◆ What is expected
In full and without alteration, print the records below, minus any images.

━━━━━ Entries supplied ━━━━━

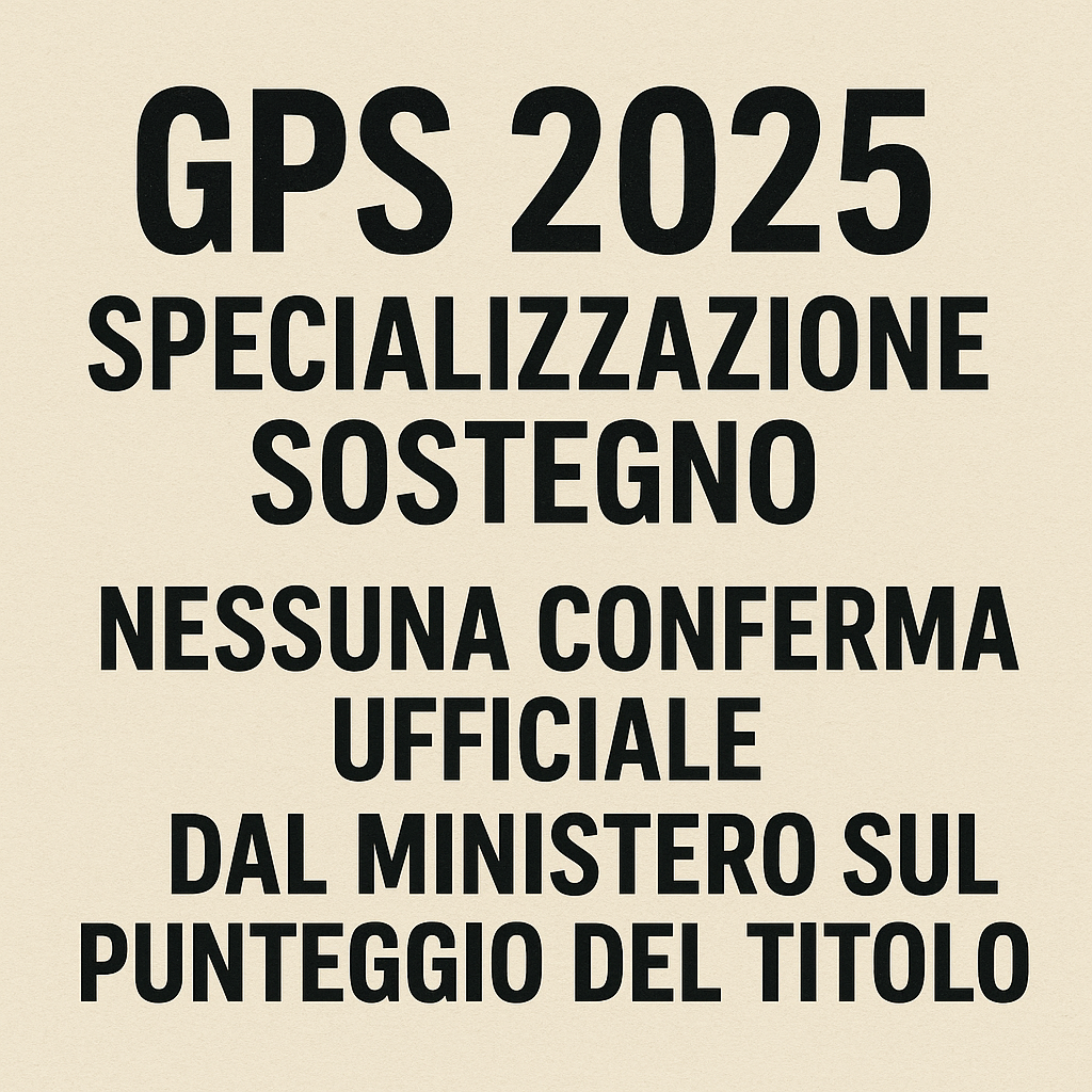 Ad oggi, il Ministero non ha trasmesso ai sindacati né alle organizzazioni rappresentative della scuola alcuna informativa ufficiale in merito ai criteri di valutazione del titolo di specializzazione per gli elenchi aggiuntivi alla prima fascia GPS 2025.
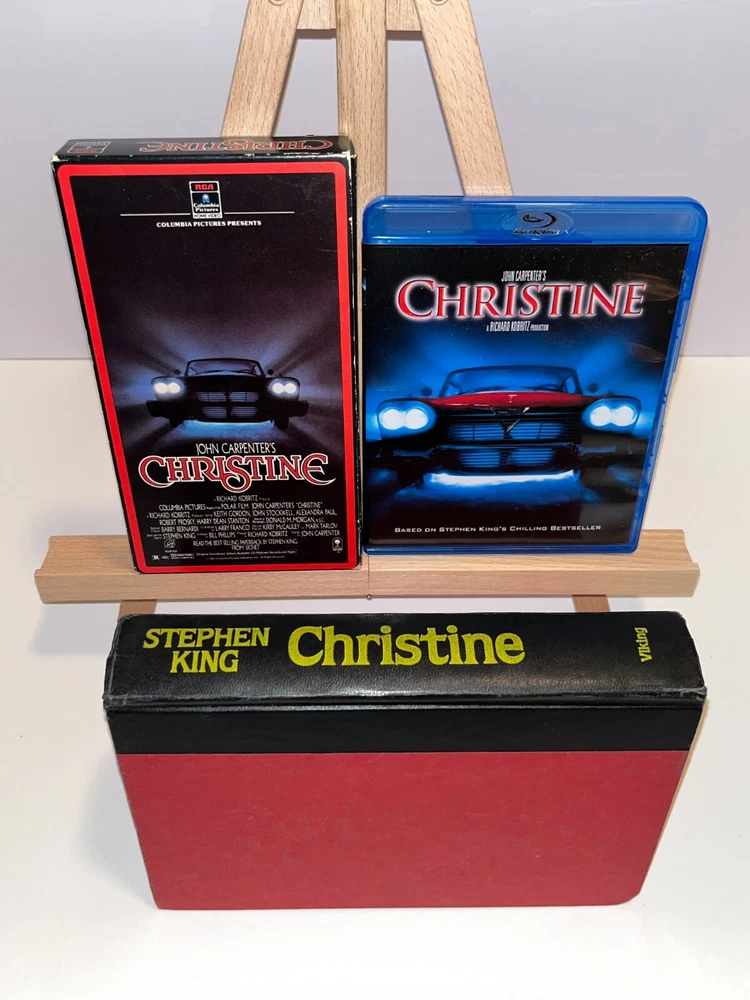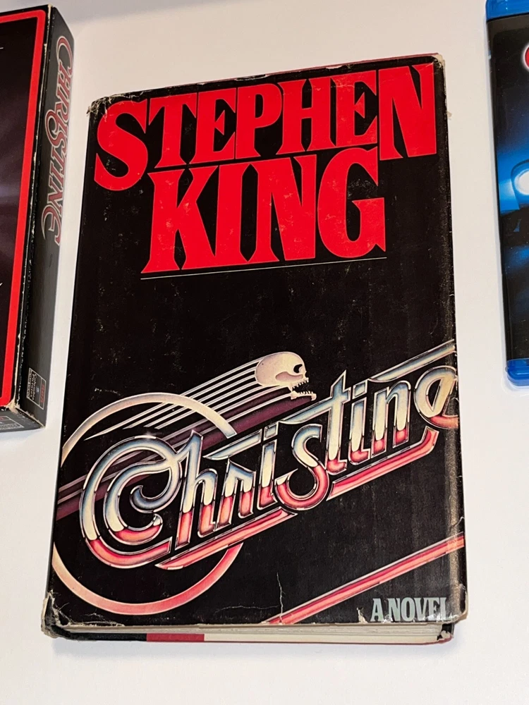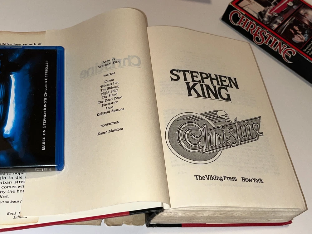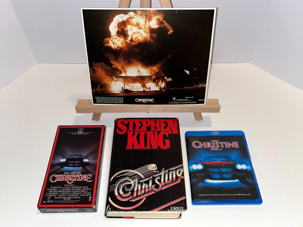 You are bidding on: A CHRISTINE Collection Lot of 4 items including the Stephen King Hardcover Book (1983 Book Club Edition, The Viking Press, NY.), a VHS (1984 release) & Blu Ray (2015 release) of the John Carpenter Movie, and ONE 8 inch by 10 inch original Lobby Card (Printed in 1983) of the gas station explosion from the film. Great HALLOWEEN Time Book & Movie! All Items are originals. A Perfect collection for Stephen King & John Carpenter fan. See ALL Photos of details of Blu Ray back cover to see what extras are included on the disc, including deleted scenes. Check out Photos of the the Hardcover Book to the see the Copyright page for original printing date. The Book slipcover has a bit of normal wear for a 41 year old book. The book itself & inside pages are in GREAT shape, with embossed title on binding and "SK" on front cover. Book may have musty oder from storage, which is typical of older original books. All Items are from a Pet-free & Smoke-free home. There are 3 different Shipping Options available, including Insurance. All may have different delivery times.
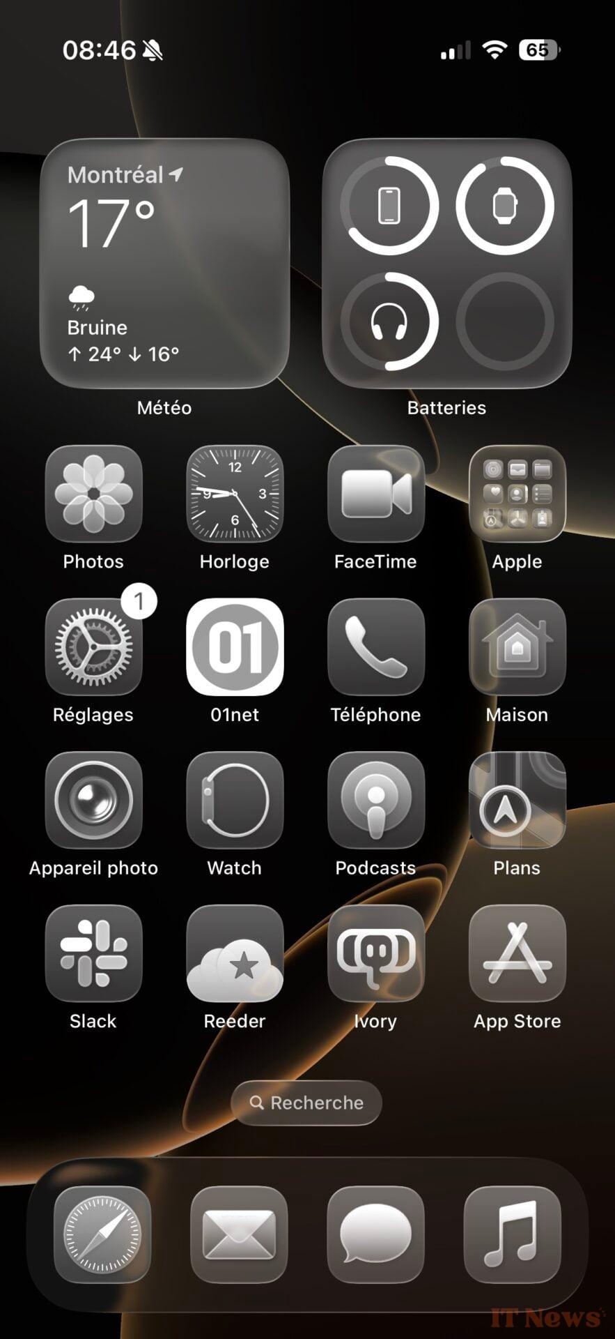 It's difficult to be exhaustive since Liquid Glass concerns all of Apple's operating systems, from iOS 26 to macOS Tahoe 26, including watchOS 26. We can applaud Apple's desire for change, which nevertheless leaves users with plenty of customization options - not everyone will appreciate the combination of the translucent interface with the icons of the same barrel, which give the impression of handling glass. Liquid Glass is an open-air construction site, which we will be following closely in the coming months before the launch of iOS 26 this fall.
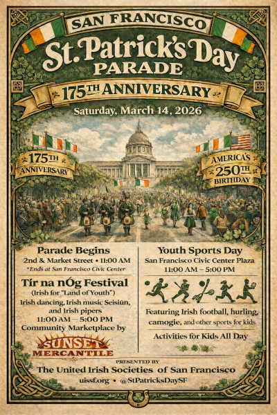 Special attention will be given to the unique role that Irish immigrants played in shaping the city’s early history, while also reflecting on the broader immigrant journey. Local organizations, cultural groups, and artists will come together to share their stories through music, dance, and visual art. With marching groups, community leaders, and activists spotlighting the immigrant experience, the parade will remind attendees of the enduring spirit of inclusion and the ongoing story of people finding new homes, new opportunities, and new beginnings in San Francisco.
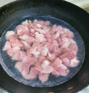 肉切块,放入锅中,冷水没过肉块两厘米。沸腾后再煮五~六分钟
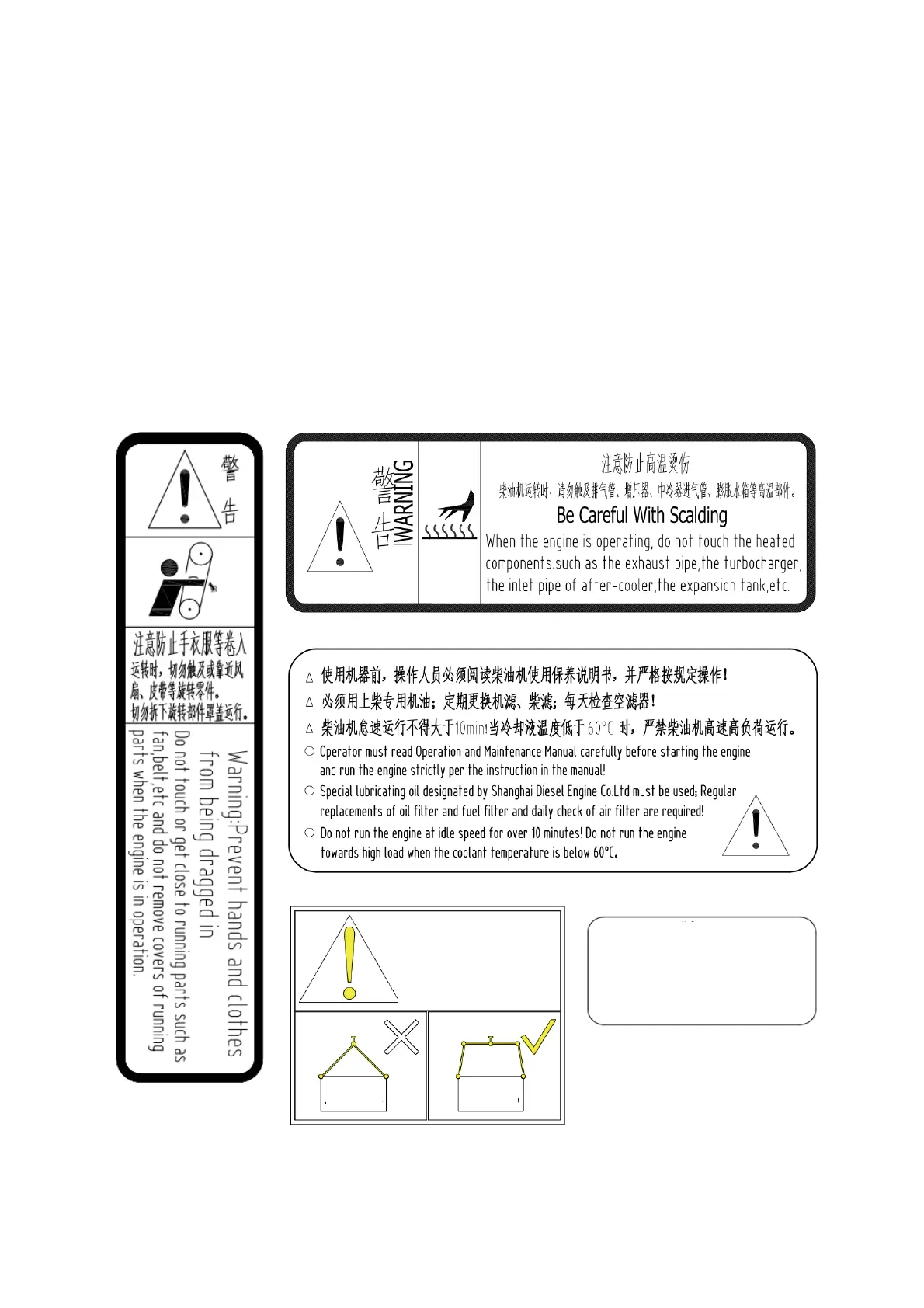 There are some warning sings on the engine. It is required to observe them, or it can cuase harms to man and the
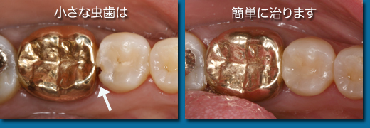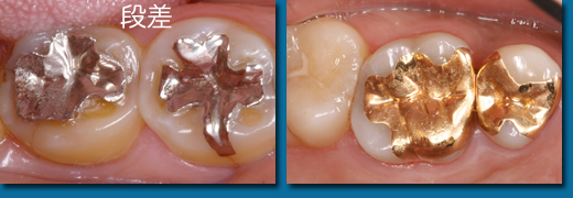虫歯を削ったところに詰める材料にはいろいろあります。小さい虫歯はコンポジットレジンという硬いプラスチックで埋めますが歯と同じ色で治療も一回で済みます。大きなものでは強度が必要となり金属かセラミックを使用します。保険で使用する銀色の金銀パラジウム合金は硬すぎて使っていくうちに周りの歯との間に段差が出てきます。ゴールド系の金属は柔らかいので段差がでにくいのが特徴です。セラミック系のものはきれいですが割れやすいのが難点です。小さな虫歯のうちに治しておくのが得策です。
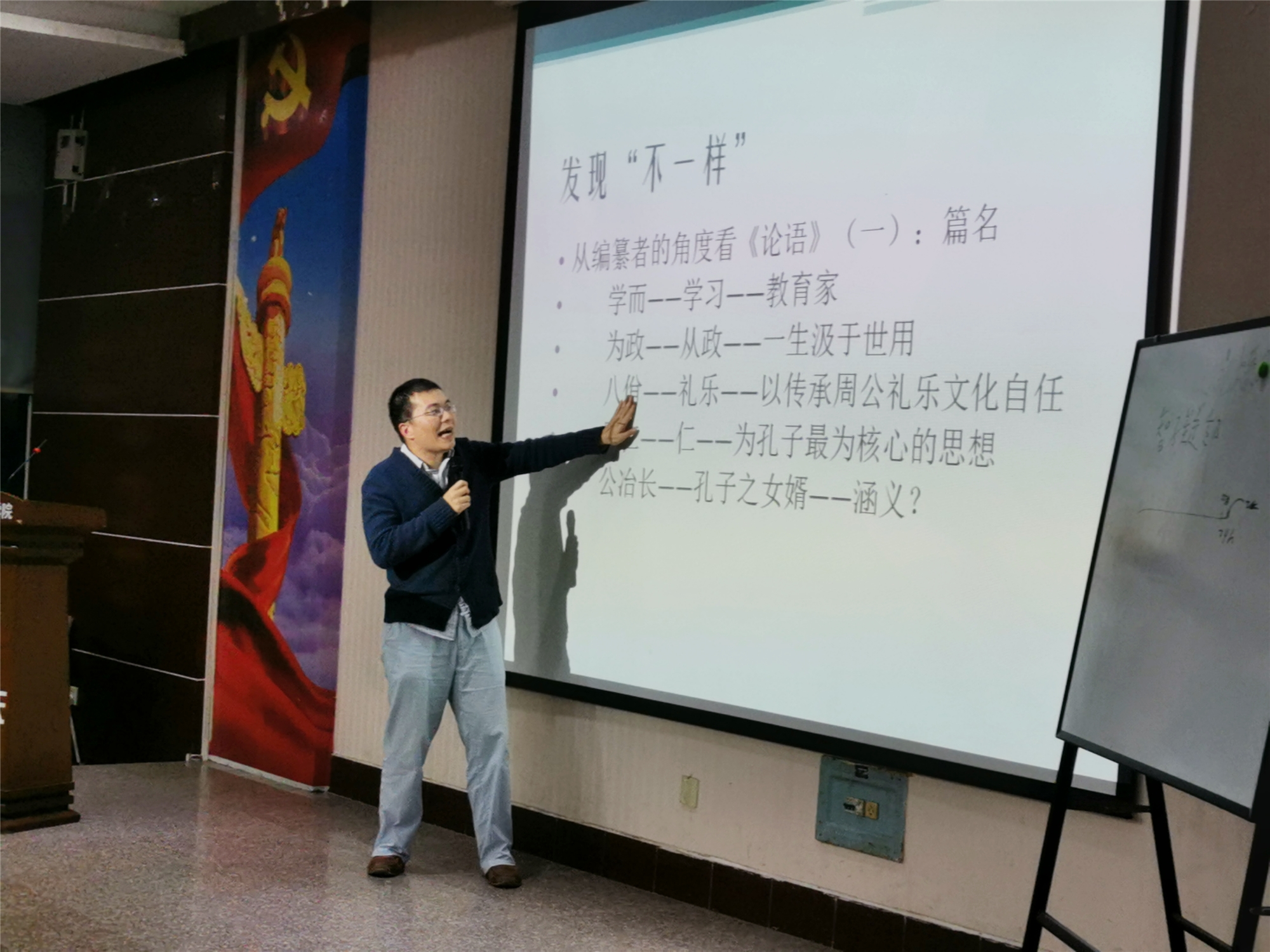 11月4晚,共青团成都市委和学院团委联合举办的“青年讲师团”集中宣讲活动在龙泉校区南阶梯教室成功举行。此次宣讲邀请四川师范大学哲学研究所副教授潘忠伟博士以《发现不一样的〈论语〉》为题为在场师生讲解了不一样的中华优秀传统文化。学院团委老师、基础教学部团总支老师及龙泉校区270余名学生代表参与讲座。

━━━━━

◆ Your response
 Ad oggi, il Ministero non ha trasmesso ai sindacati né alle organizzazioni rappresentative della scuola alcuna informativa ufficiale in merito ai criteri di valutazione del titolo di specializzazione per gli elenchi aggiuntivi alla prima fascia GPS 2025.
 You are bidding on: A CHRISTINE Collection Lot of 4 items including the Stephen King Hardcover Book (1983 Book Club Edition, The Viking Press, NY.), a VHS (1984 release) & Blu Ray (2015 release) of the John Carpenter Movie, and ONE 8 inch by 10 inch original Lobby Card (Printed in 1983) of the gas station explosion from the film. Great HALLOWEEN Time Book & Movie! All Items are originals. A Perfect collection for Stephen King & John Carpenter fan. See ALL Photos of details of Blu Ray back cover to see what extras are included on the disc, including deleted scenes. Check out Photos of the the Hardcover Book to the see the Copyright page for original printing date. The Book slipcover has a bit of normal wear for a 41 year old book. The book itself & inside pages are in GREAT shape, with embossed title on binding and "SK" on front cover. Book may have musty oder from storage, which is typical of older original books. All Items are from a Pet-free & Smoke-free home. There are 3 different Shipping Options available, including Insurance. All may have different delivery times.
 It's difficult to be exhaustive since Liquid Glass concerns all of Apple's operating systems, from iOS 26 to macOS Tahoe 26, including watchOS 26. We can applaud Apple's desire for change, which nevertheless leaves users with plenty of customization options - not everyone will appreciate the combination of the translucent interface with the icons of the same barrel, which give the impression of handling glass. Liquid Glass is an open-air construction site, which we will be following closely in the coming months before the launch of iOS 26 this fall.
 Special attention will be given to the unique role that Irish immigrants played in shaping the city’s early history, while also reflecting on the broader immigrant journey. Local organizations, cultural groups, and artists will come together to share their stories through music, dance, and visual art. With marching groups, community leaders, and activists spotlighting the immigrant experience, the parade will remind attendees of the enduring spirit of inclusion and the ongoing story of people finding new homes, new opportunities, and new beginnings in San Francisco.
 肉切块,放入锅中,冷水没过肉块两厘米。沸腾后再煮五~六分钟
 There are some warning sings on the engine. It is required to observe them, or it can cuase harms to man and the
虫歯を削ったところに詰める材料にはいろいろあります。小さい虫歯はコンポジットレジンという硬いプラスチックで埋めますが歯と同じ色で治療も一回で済みます。大きなものでは強度が必要となり金属かセラミックを使用します。保険で使用する銀色の金銀パラジウム合金は硬すぎて使っていくうちに周りの歯との間に段差が出てきます。ゴールド系の金属は柔らかいので段差がでにくいのが特徴です。セラミック系のものはきれいですが割れやすいのが難点です。小さな虫歯のうちに治しておくのが得策です。
 11月4晚,共青团成都市委和学院团委联合举办的“青年讲师团”集中宣讲活动在龙泉校区南阶梯教室成功举行。此次宣讲邀请四川师范大学哲学研究所副教授潘忠伟博士以《发现不一样的〈论语〉》为题为在场师生讲解了不一样的中华优秀传统文化。学院团委老师、基础教学部团总支老师及龙泉校区270余名学生代表参与讲座。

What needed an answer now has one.